Thanks in advance for any help.
Another time accumarray is the way to go:
A =[ 1 3 6 ;
1 2 4 ;
1 7 1 ;
2 9 0 ;
2 8 3 ;
2 4 2 ;
2 3 1 ;
3 6 5 ;
3 4 5 ;
3 1 9 ;
4 2 4 ;
4 8 6 ]
C = accumarray(A(:,1),A(:,3),[],#(x) {flipud(x)} ); %// get groups according to
%// first column and flip it
C = vertcat(C{:}); %// cell array returned,
%// transform to matrix
mask = ~mod(A(:,1),2); %// mask for even numbers
A(mask,3) = C(mask); %// replace masked values of 3rd column with flipped ones
returns:
A =
1 3 6
1 2 4
1 7 1
2 9 1
2 8 2
2 4 3
2 3 0
3 6 5
3 4 5
3 1 9
4 2 6
4 8 4
Certainly slower, but just for fun in two lines:
C = accumarray(A(:,1),A(:,3),[],#(x) {flipud(x)} );
A(~mod(A(:,1),2),3) = getfield( vertcat(C{:}), {~mod(A(:,1),2)});
%// well no, I won't explain it...
Edit: I assumed your first column just contains integers!
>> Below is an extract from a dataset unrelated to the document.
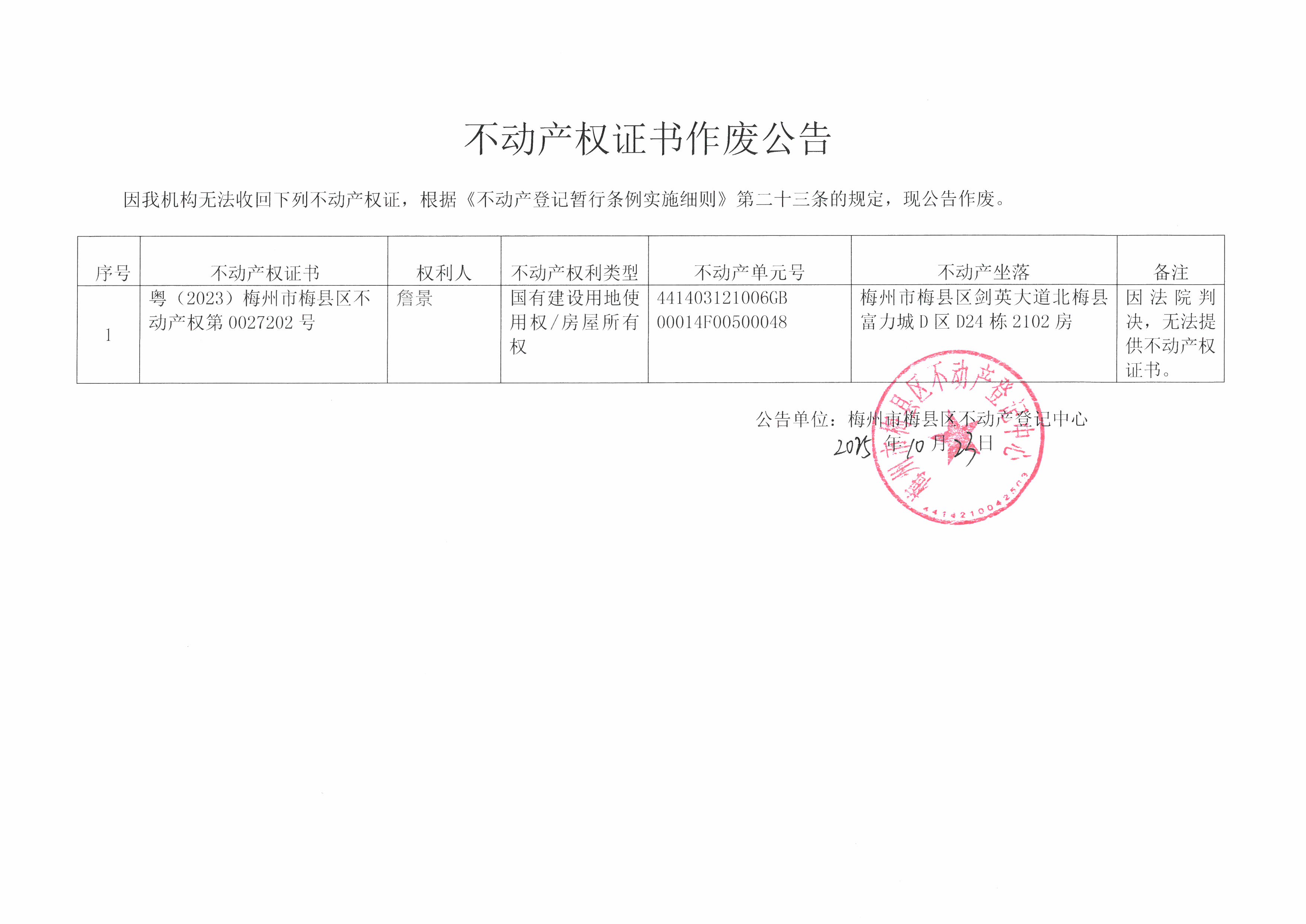 公告單位:梅州市梅縣區(qū)不動(dòng)產(chǎn)登記中心

I would suggest you break the problem down into stages, something like so:
Identify blocks you wish to flip
Extract them
Flip them
Replace them
You can identify a set of even numbers using the unique and mod functions, then use a for loop over them and use logical indexing to pull/replace the blocks.
Here, try this
a = magic(5); % Some data in a 5x5 matrix
b = 1:numel(a); % Indices of <a>
Rearrange b however you want, then do a=a(b) to reassign a based on the reassigned indices of b. For example, the following code
disp(a(b));
would just return the elements of a in their original order. For your application this code should work:
a = <your matrix data>
b = 1:numel(a);
b = [b(1:27) fliplr(b(28:31)) b(32:34) fliplr(b(35:36))] % Change this part
a = reshape(a(b),size(a))
You should change b based on whatever you need it to do.